滅んだはずの世界――パスカのディセンダーを連れて、わたし達はとりあえずバンエルティア号へ戻って来た。帰って来たと思ったらカノンノが一人増えていたことにアンジュさんはひどく驚いていたが、彼女がパスカのディセンダーだと聞かされると更に驚いていた。それはもう、言葉もないほどに。

「では、カイル達を元の世界へ戻すはずが…時間を遡ったところに存在する我らのディセンダーをこの世界を呼び込んでしまったわけだな…」
「戻すには時間がかかるみたいね…」
「ハロルドさん…」
「やっぱりお前が原因かよ…」

ニアタとアンジュさんとわたしとユーリさんの胡乱な視線を物ともするわけもなく、ハロルドさんはいつも通りの笑顔で、ひらひらとその手を振った。

「まー、そう焦らない焦らない。今回の失敗だって、ひょっとしたら世紀の大発見に繋がるかもしれないのよ」

わかっていたことだが、…残念なことにわかっていたことなのだが、やはりこの人には何を言っても無駄らしい。後悔もしないし反省もしないのだろう、この人は。さすがである。

「アンジュ、それでは彼女をこの船に置いてもいいかね?」
「ええ、断る理由はないし…でも、異世界のディセンダーまで抱えることになるなんてね…」

ただでさえうちにはナマエがいるのに、とアンジュさんがこちらを見た。わたしは曖昧に笑って返すしかない。異世界のディセンダーと異世界からのディセンダー、文面的にそう大差ないと思うのはわたしだけだろうか。わたしがそんなことを考えていると、ニアタは声を潜めてわたし達に囁く。

「彼女の時間では、まだ故郷は存在している。ナマエもアンジュもユーリも、パスカが滅びたことや、我々の身の上のことを彼女に話さないでおいてくれ」
「…ん、了解よ」
「そっか…うん、わかった」
「…同じく」

わたし達からすれば滅んだ世界のディセンダーだが、彼女の中では自分の世界は滅んでいない。屈託のないその笑顔に翳りはなく、ニアタは幾度となく噛み締めるように彼女の名前を呼んでいた。その幸せを壊したくはない。

「ところで、あなたのディセンダーを何と呼べばいいかしら?」
「ふむ。あの子には姓がない。故郷の名が姓と言ってもよいな」
「それって、ディセンダーだから?」
「ああ、その通りだ。…では、『パスカ』と名乗らせよう」

パスカ。パスカ、と小さく繰り返しながら顔を上げてみれば、ホールから彼女は――むしろ三人揃っていなくなっていた。ニアタにホールの隅で待機するよう言われていたはずなのに。慌てて辺りを見渡すがやはりその姿はなく、隣で落ち着きなく辺りを窺うわたしに気付いたユーリさんは、忽然と姿を消した三人に苦笑をしていた。

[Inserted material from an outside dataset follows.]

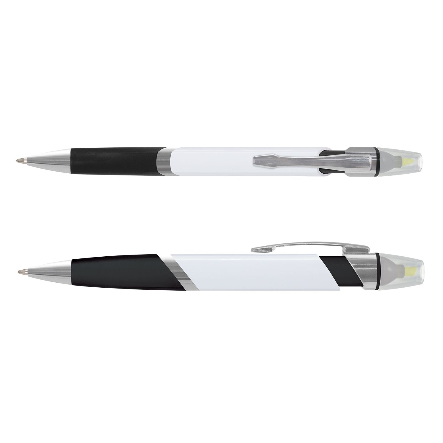 Retractable plastic ballpoint pen with a white barrel, a yellow highlighter, a frosted translucent soft-touch grip and shiny chrome trim. It can be branded in stunning full colour on both sides of the barrel. Avenger has a black refill with 600 metres of German manufactured Dokumental ink.

「ナマエ、同じディセンダーなんだから仲良くしてあげてね」
「我々からもよろしく頼む。そなたのような気性ならば、きっとあの子とも打ち解けられるだろう」
「え?あ、はい、それはもちろん…なんですけど…」

その本人がいないんですが。わたしの物言いたげな視線に気付いたアンジュさんが、ぐるりとホールを見渡して首を傾げる。

「ところで、トリプルカノンノはどこに行ったの?」
「トリプルカノンノなら少し前にこそこそホールを出て行ったぜ」
「ト、トリプルカノンノ?って言うかユーリさん気付いてたなら止めてくださ、」

――瞬間、鼓膜をつんざくような悲鳴が聞こえた。
わたしは悲鳴を上げて飛び上がる。反響を伴ったその声がロックスさんのものだと気付いた時には、アンジュさんはさっと顔を青くしていた。

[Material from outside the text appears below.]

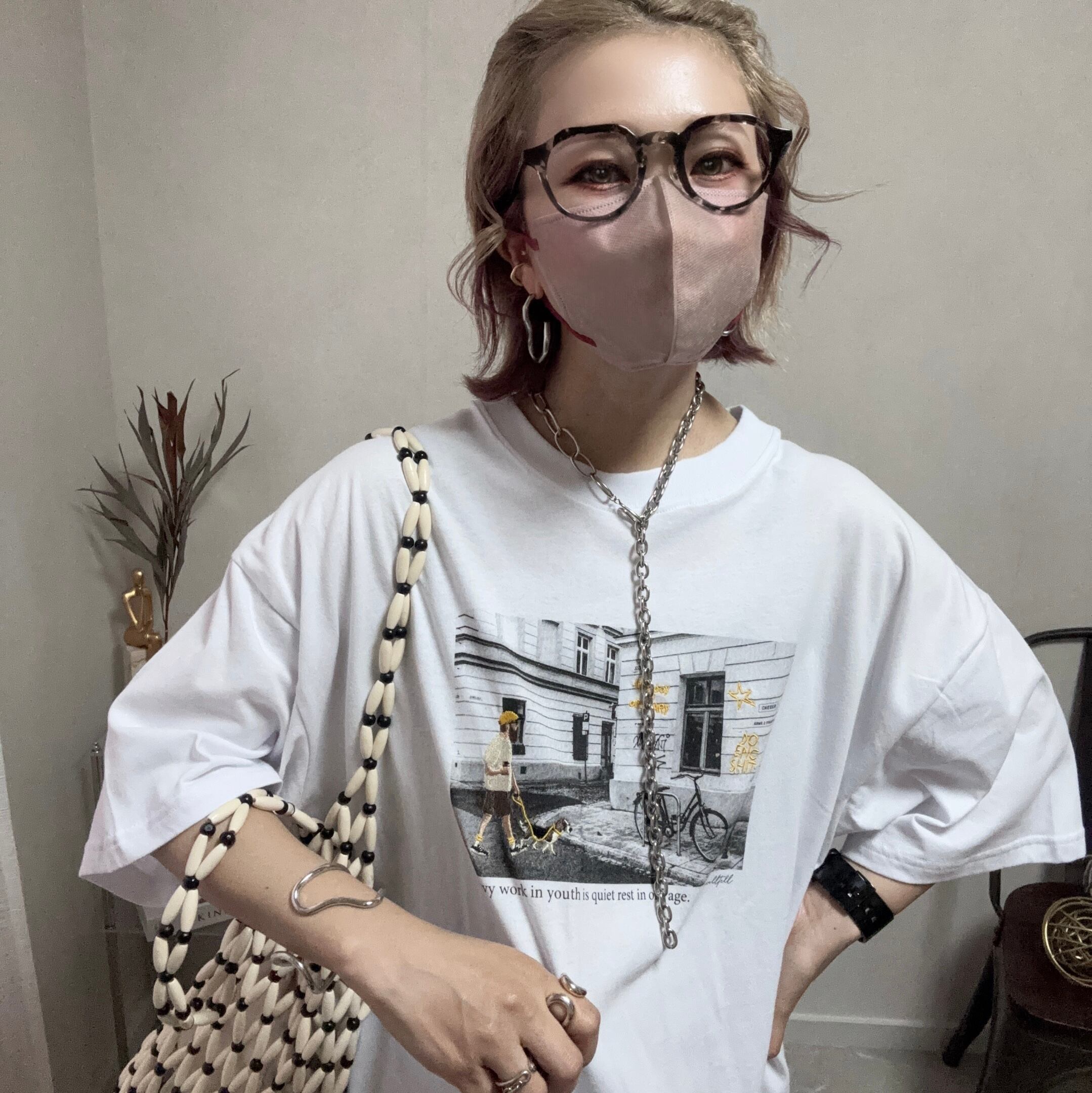 ハイメッシュで表現された風景写真のプリントに可愛いコミカルな刺繍がのせられています。

「まさかロックスのところに!ナマエ、一緒に行って説明してあげないと、ロックスが腰抜かしちゃう!」
「何が…って、ええ!?わたしですか!?」
「あなた以外に誰がいるの!早く食堂へ行ってちょうだい!」

表情や声は切羽詰まっているというのに、行って来いと手を振る様は気楽なものである。おやおやと呟くニアタの声は確かに無機質なものであるはずなのに、微笑ましく感じているのがわかるほどに優しい。

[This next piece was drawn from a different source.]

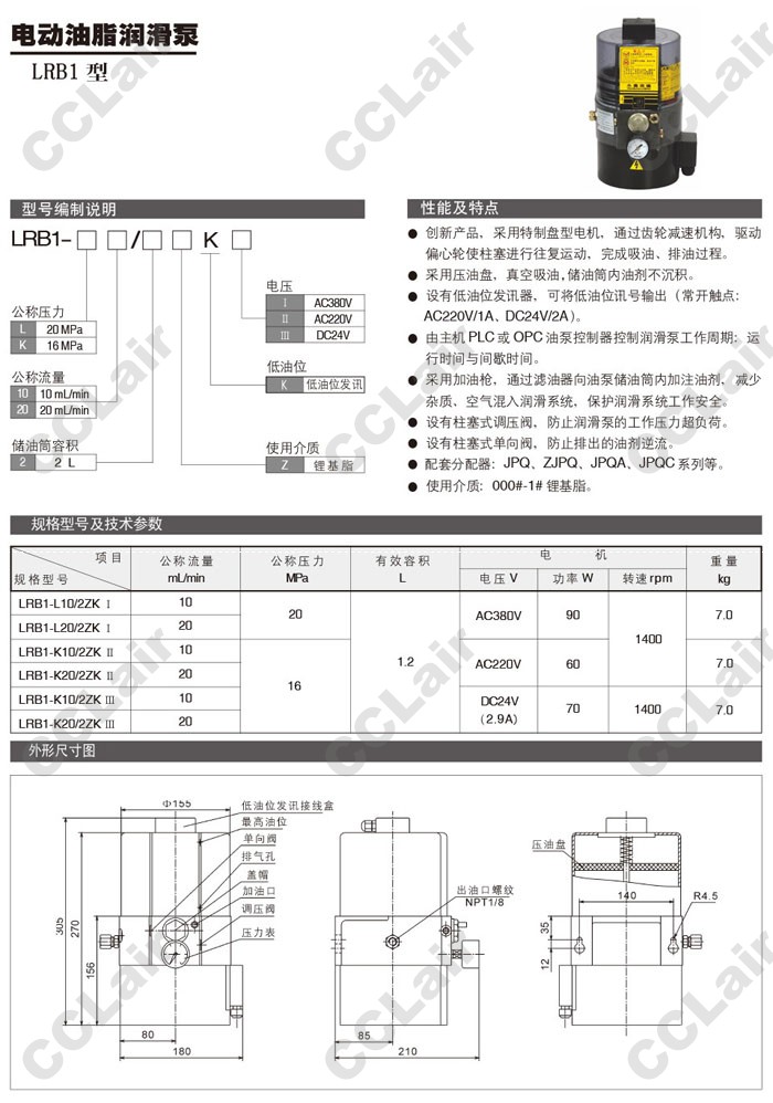 LRB1-L10,LRB1-L20,LRB1-K10,LRB1-K20,LRB1-L10/2ZKI,LRB1-L20/2ZKI,LRB1-K20/2ZKII,電動油脂潤滑泵 |

「せ、説明って言われても…ああ、もう!ユーリさん、行きましょう!」
「俺もかよ。…ったく、仕方ねえな」

いつも通り皮肉に笑うユーリさんと二人で食堂に走る。
わたしの親友であるカノンノと、グラニデから来たカノンノ、そしてパスカのディセンダーであるカノンノ。この世界に、この時に、彼女ら三人が揃ったことは何か意味があるのだろうか。少なくともイアハートの時と違って、その木漏れ日のような笑顔が――理想のままのディセンダーの姿が、何となくこの胸に痛かった。